An exact copy of every entry is needed, without the pictures.

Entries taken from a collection
---+---

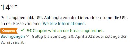 Auf den Preis kommt ihr durch einen 5€ Click-Coupon auf der Artikelseite.
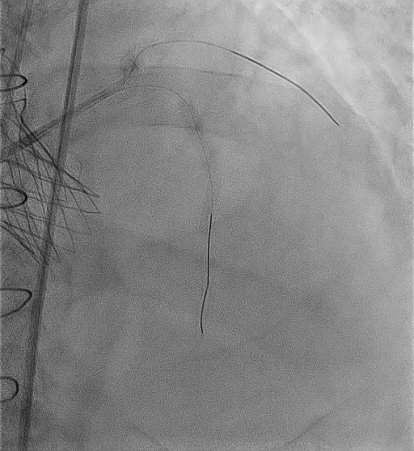 SEV 24 mm was chosen based on CT measurement and bifemoral access was obtained. Carotid filter was placed for cerebral protection.During resheathing of the valve there was sudden circulatory collapse. CPR started and left coronary catheterisation revealed occlusion of left main. Flow was established in LAD with immediate wiring and ballooning. Finally TAVR valve was deployed after LAD flow was established.LCX flow was then resolved and LM bifurcation PCI was done using crush technique Patient was finally discharged in hemodynamically stable condition.
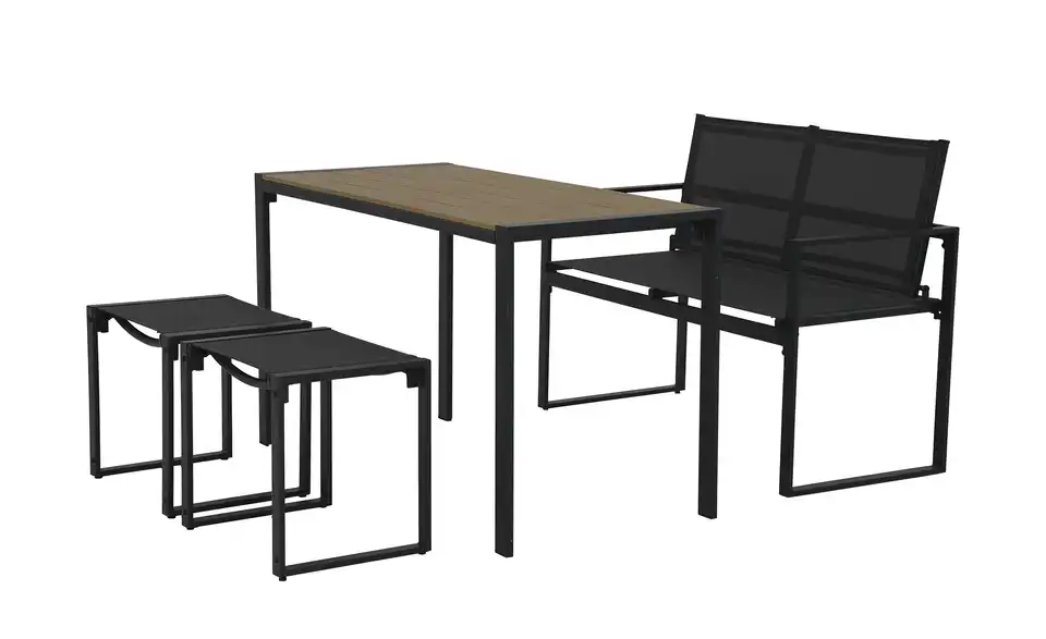- Mehr zu Maßen2er-Bank ca.113x56x86cmHocker ca.50x40x44cmTisch ca.125x60x74cm
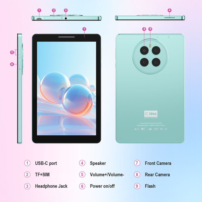 C Idea 9 Inch Android 16 Tablet 8GB RAM 512GB ROM Modello CM936
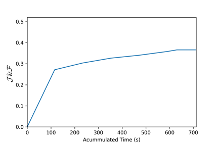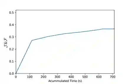 交互式视频物体分割不是一个单一算法,而且多种算法有机融合的解决方案,包括交互式图像物体分割、半监督视频物体分割、交互式视频物体区域传递算法等。其主要评估方法为 Davis Challenge on Video Object Segmentation 中提出的 Jaccard&F-measurement@60s (简称 J&F@60s )和 Area Under Curve(简称 AUC)。Davis竞赛提出限定8次用户交互,建立准确度随时间的变化曲线图,曲线下方区域的面积就是 AUC,t=60s 时刻曲线插值就是 J&F@60s。下图为一个 J&F 随时间变化曲线图。
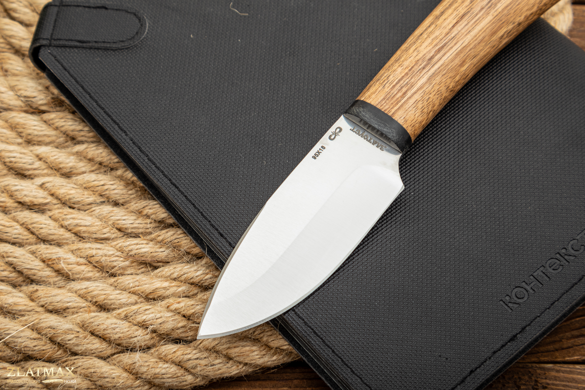 Небольшой универсальный, очень легкий и прочный нож с широким клинком. Клинок имеет вогнутые линзовидные спуски от середины ширины клинка. При толщине обуха в 2,4 мм имеет широкую голомень, что придает ему дополнительную прочность. Удобная форма рукояти позволяет уверенно работать ножом. Монтаж рукояти сквозной, неразборный. Новосибирские охотники давно полюбили этот небольшой нож и утверждают, что именно им разделывают добытого медведя.

---+---

_Output of the task_:
 Auf den Preis kommt ihr durch einen 5€ Click-Coupon auf der Artikelseite.
 SEV 24 mm was chosen based on CT measurement and bifemoral access was obtained. Carotid filter was placed for cerebral protection.During resheathing of the valve there was sudden circulatory collapse. CPR started and left coronary catheterisation revealed occlusion of left main. Flow was established in LAD with immediate wiring and ballooning. Finally TAVR valve was deployed after LAD flow was established.LCX flow was then resolved and LM bifurcation PCI was done using crush technique Patient was finally discharged in hemodynamically stable condition.
- Mehr zu Maßen2er-Bank ca.113x56x86cmHocker ca.50x40x44cmTisch ca.125x60x74cm
 C Idea 9 Inch Android 16 Tablet 8GB RAM 512GB ROM Modello CM936
 交互式视频物体分割不是一个单一算法,而且多种算法有机融合的解决方案,包括交互式图像物体分割、半监督视频物体分割、交互式视频物体区域传递算法等。其主要评估方法为 Davis Challenge on Video Object Segmentation 中提出的 Jaccard&F-measurement@60s (简称 J&F@60s )和 Area Under Curve(简称 AUC)。Davis竞赛提出限定8次用户交互,建立准确度随时间的变化曲线图,曲线下方区域的面积就是 AUC,t=60s 时刻曲线插值就是 J&F@60s。下图为一个 J&F 随时间变化曲线图。
 Небольшой универсальный, очень легкий и прочный нож с широким клинком. Клинок имеет вогнутые линзовидные спуски от середины ширины клинка. При толщине обуха в 2,4 мм имеет широкую голомень, что придает ему дополнительную прочность. Удобная форма рукояти позволяет уверенно работать ножом. Монтаж рукояти сквозной, неразборный. Новосибирские охотники давно полюбили этот небольшой нож и утверждают, что именно им разделывают добытого медведя.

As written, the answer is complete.